If paper prices increase significantly or we experience significant supply channel disruptions, our business, financial condition and results of operations would be adversely affected.

After the Spin-Off, we will have substantial indebtedness and the ability to incur significant additional indebtedness, which could adversely affect our business, financial condition and results of operations.

Following the Spin-Off, we will have substantial indebtedness and we may increase our indebtedness in the future. In connection with the Spin-Off, we have entered into a credit agreement providing for the Term Loan in an initial principal amount of $700 million and have issued $700 million aggregate principal amount of the Senior Notes. In addition, the credit agreement provides for a five-year $500 million Revolving Credit Facility, of which up to $100 million will be available for the issuance of letters of credit. As of December 31, 2013, after giving effect to the incurrence of indebtedness in connection with the Spin-Off, we expect that our total outstanding indebtedness would have been approximately $1.4 billion and we would have had up to $500 million available for borrowing under our Revolving Credit Facility, subject to the terms of that facility.
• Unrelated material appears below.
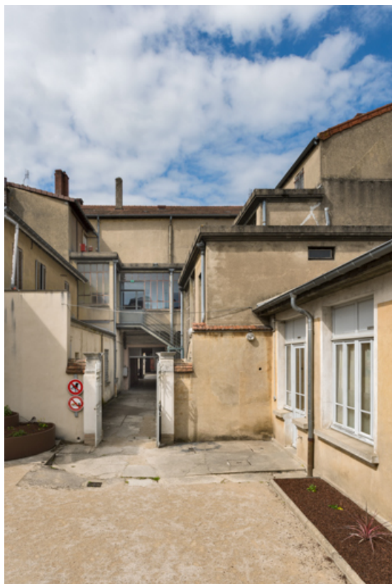
Façade postérieure et dépendances, depuis la deuxième cour au sud. 71, Louhans Grande Rue 88

We expect that all of the net proceeds from the Term Loan and Senior Notes will be transferred or distributed to Time Warner as part of the Internal Reorganization. As a result of this indebtedness, the amount of leverage in our business will increase significantly and the risks associated with our business and our debt will increase significantly. Furthermore, immediately following the Spin-Off, the Revolving Credit Facility will be available for borrowing for working capital and for other general corporate purposes, including the issuance of letters of credit in the ordinary course of our business. Additionally, we expect that we will be able, if we obtain commitments from lenders, to incur significant additional indebtedness in the future. For example, our Senior Credit Facilities permit us to incur incremental senior secured term loan borrowings in an aggregate principal amount not to exceed the sum of $500 million plus additional amounts so long as, on a pro forma basis at the time of incurrence, our consolidated secured net leverage ratio (as defined in the credit agreement that governs the Senior Credit Facilities) does not exceed 2.50x to 1.00x.

Our level of indebtedness could have important consequences. For example, it could:

 

    increase our vulnerability to general adverse economic and industry conditions;

 

    limit our ability to obtain additional financing to fund future working capital, capital expenditures and other general corporate requirements or to carry out other aspects of our business;

 

    increase our cost of borrowing;

 

    require us to dedicate a substantial portion of our cash flow from operations to payments on indebtedness, thereby reducing the availability of such cash flow to fund working capital, capital expenditures and other general corporate requirements or to carry out other aspects of our business;

 

    limit our ability to make material acquisitions or take advantage of business opportunities that may arise;

 

    expose us to fluctuations in interest rates, to the extent our borrowings bear variable rates of interest;

 

    limit our flexibility in planning for, or reacting to, changes in our business and industry; and

 

    place us at a potential disadvantage compared to our competitors that have less debt.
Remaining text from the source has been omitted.